* _Work instructions_
Pictures stay out of this copy, which runs from the first line of the material through the line containing "Coppia Teste di".

* _Information shown_
______

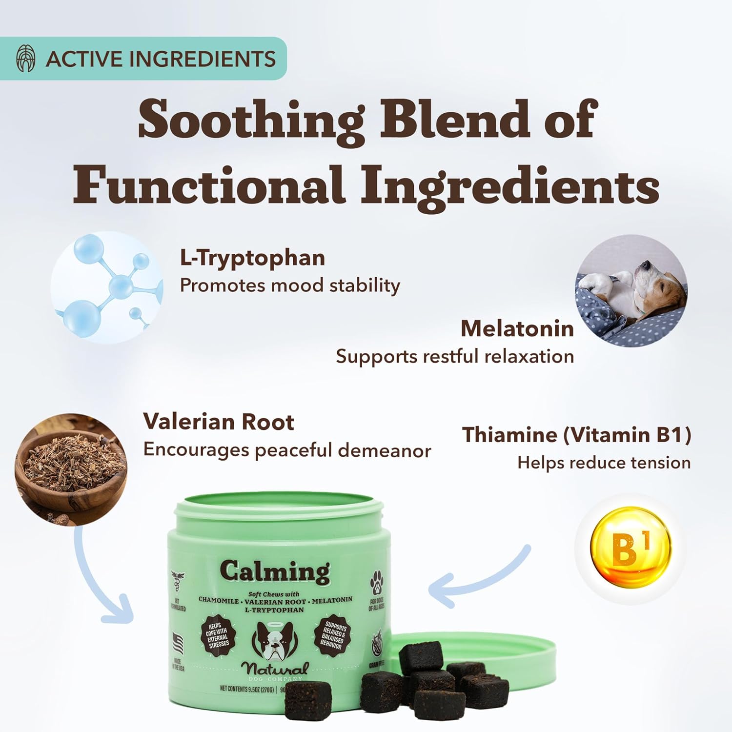 Natural Dog Company Calming Chews for Dogs, Stress & Anxiety Relief Supplement with Chamomile, Valerian Root & Melatonin, Natural Soothing Chews for Travel, Thunder, Fireworks & Separation (90 cnt)
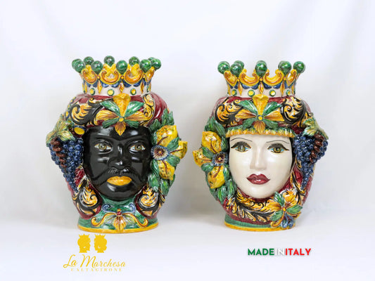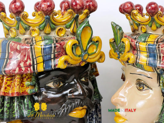 Coppia Teste di Moro in Ceramica di Caltagirone con panneggio - Varie Misure
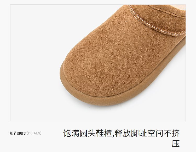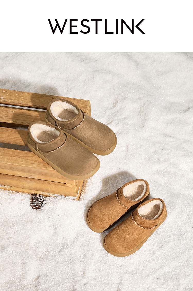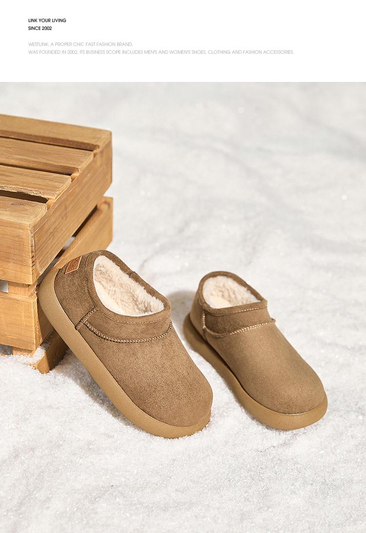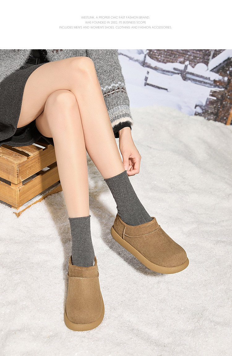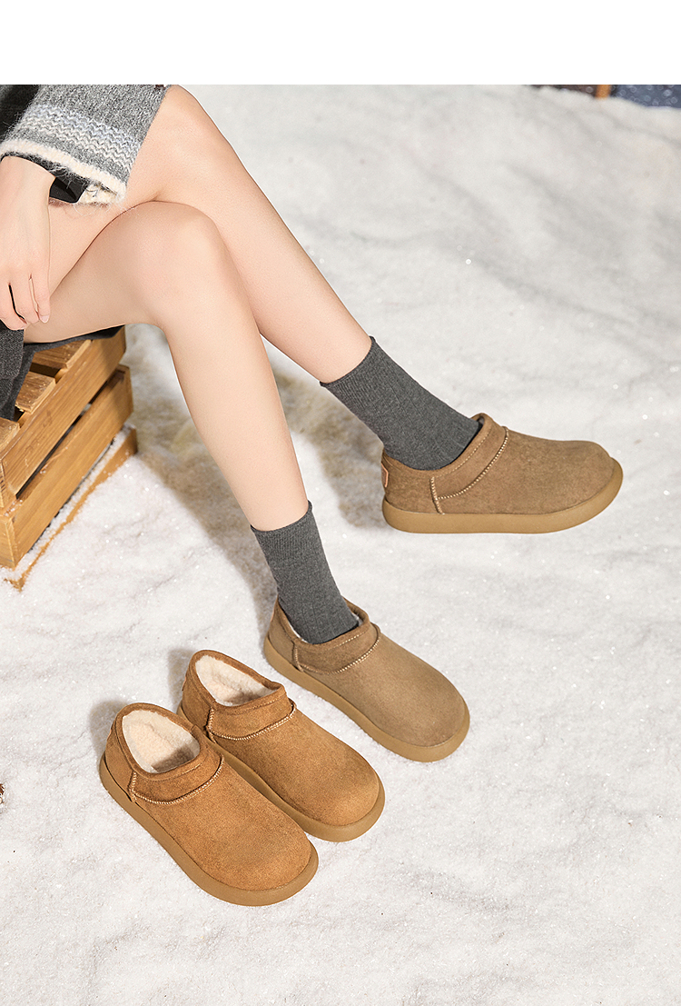 西遇加绒雪地靴女新款冬季复古百搭低帮短靴外穿保暖加厚棉鞋V2457329

______

* _Output for this exercise_
 Natural Dog Company Calming Chews for Dogs, Stress & Anxiety Relief Supplement with Chamomile, Valerian Root & Melatonin, Natural Soothing Chews for Travel, Thunder, Fireworks & Separation (90 cnt)
 Coppia Teste di Moro in Ceramica di Caltagirone con panneggio - Varie Misure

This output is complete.